I'm unfamiliar with Full Motion Video, could you talk a little bit more about that tech and how your video game fits into the broader industry?

notgamesltd269 karma

Sure.

FMV (Full Motion Video) means footage of live action actors and real sets shot on real cameras. There's a long history of FMV games dating back to the 80s, games like Night Trap in the 90s and more recent additions like Her Story.

The vast majority of FMV games try to merge live action film with CG locations etc for a feel that is more like an interactive movie. What Her Story and us have done is to keep the video footage AS video footage. The character in the game knows they are watching video footage and that creates a much more immersive and interesting experience.
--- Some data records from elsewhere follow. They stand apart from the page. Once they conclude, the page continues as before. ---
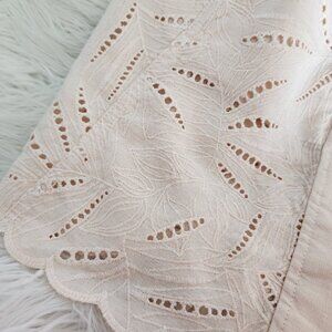 Chico’s 100% Linen Jacket Women’s Zip Long Size 2 M 12 Eyelet Cutouts Pink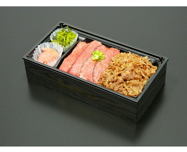厳選された米沢牛を贅沢に使い、ジューシーなステーキと旨みたっぷりのすき焼きを一度にお楽しみいただける特製弁当です。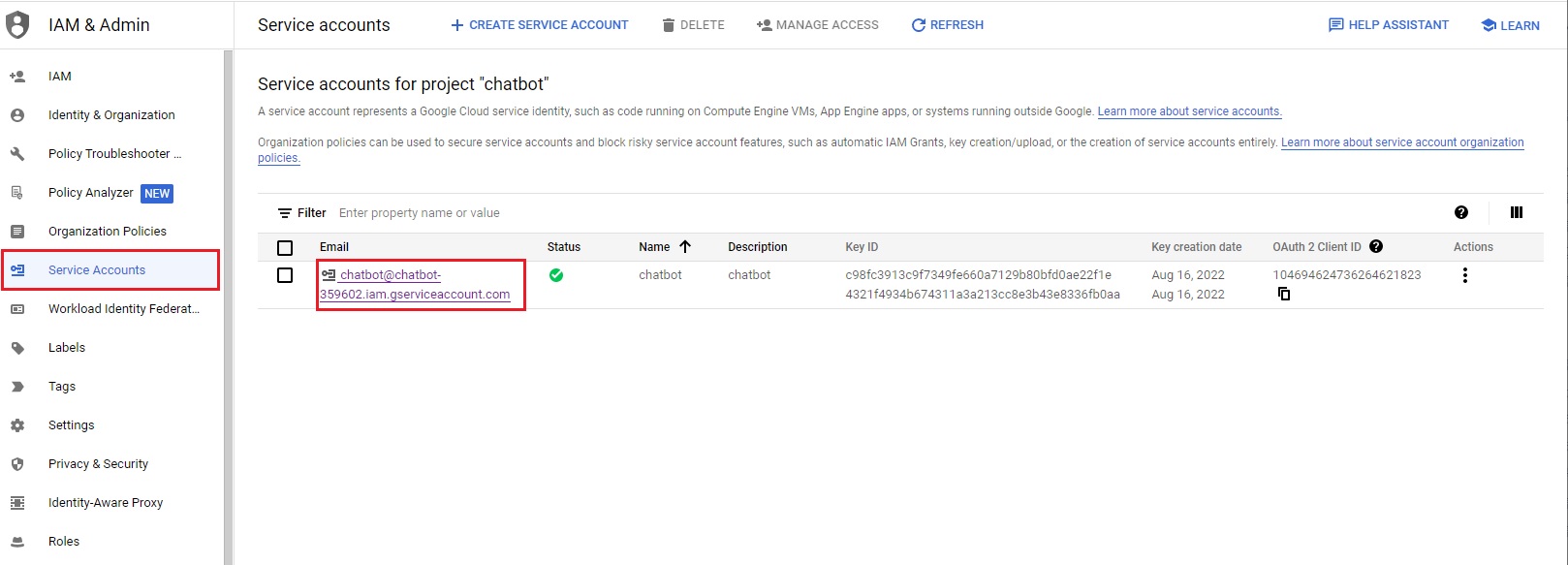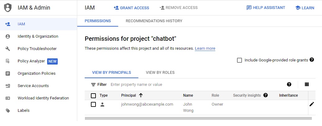 請確定在IAM頁面裡,已經將permissions賦予新project。

We have built the entire game and its mechanics around this.

You are a TV editor tasked with creating a live news broadcast from the footage coming in. You pick the camera angles, censor the language and make editorial decisions. As far as we know, it's the first time anyone has tried to do something like this in a game.

SilvermistInc80 karma

Love your game guys! I gotta ask though, what was inspiration for the Police Chief with a sex dungeon in his closet? Holy crap. That thing caught me so off guard that I laughed until I lost my voice.

notgamesltd88 karma

There was a famous interview on BBC news where a kid interrupted this serious interview and we really liked that idea. The first interview (where the lawyer gets divorced) we tried to match the original reference and then each following scene we tried to top the ridiculous of that....

Mouse_Nightshirt34 karma

Irony of ironies, I bought this very game this morning. Really enjoying it!

How do you go about getting acting talent for a game like this? Do you find actors think differently of this work than other mediums? What are they hoping to get out of working on a project such as this?

notgamesltd46 karma

Alex: I started out as an actor before becoming a game dev so an awful lot of teh cast are friends from my acting days.
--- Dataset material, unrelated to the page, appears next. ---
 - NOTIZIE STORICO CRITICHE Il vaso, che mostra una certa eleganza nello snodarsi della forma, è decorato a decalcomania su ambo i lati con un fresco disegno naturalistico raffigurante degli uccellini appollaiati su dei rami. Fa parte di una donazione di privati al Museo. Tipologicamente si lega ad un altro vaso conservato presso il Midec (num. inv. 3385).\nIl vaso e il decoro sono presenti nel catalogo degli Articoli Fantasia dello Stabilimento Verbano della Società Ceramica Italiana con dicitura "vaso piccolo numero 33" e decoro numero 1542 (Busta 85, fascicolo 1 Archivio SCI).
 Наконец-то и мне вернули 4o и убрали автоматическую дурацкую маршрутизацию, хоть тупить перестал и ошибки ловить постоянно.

Yes! We found most actors didn't really understand the world of gaming and as this is a completely new way of approaching it - they didnt really always get what we were trying to make!

Paid !

AtomicAus27 karma

Hey guys! I've had NFB for about two years after seeing from JackSepticEye. I love the humour you create and feel it translates really well across cultures, but I've been wondering if there are any jokes you had in the game that you removed because you didn't think they'd work well with an international community?

notgamesltd26 karma

Nope! If it made us laugh it went in.

ThatGuyCrasher20 karma

I can imagine that developing a video game during a pandemic, and especially one such as this, could be very demanding and/or challenging, but after only playing through the first episode and the "bonus" episode, I have to applaud you for creating a brilliant game that I can really feel and sympathize with as a broadcaster myself ^_^

Now onwards to an actual question: Regarding the challenges, what sort of challenges did you all face during development, and as a followup, how would you rank them?

Thank you again for taking your time on both the game and reading this!

notgamesltd33 karma

Thank you so much. Our exhausted emotional brains needed those kind words!

  1. Covid.
  2. Each Other
  3. Running out of milk
  4. Running out of money
  5. Unable to afford more milk

Lerkscore17 karma

Will this game get VR support anytime soon? I think this game was practically made for VR

notgamesltd24 karma

We've always wanted to. It started out in that format initially and so we'd still love to see it.

TidoTBliss14 karma

I've likely only seen a fraction of the new content, having just finished one route myself, but it was a fantastic experience and definitely worth the wait. But I do have one question, with a mild bit of spoilery-ness to it.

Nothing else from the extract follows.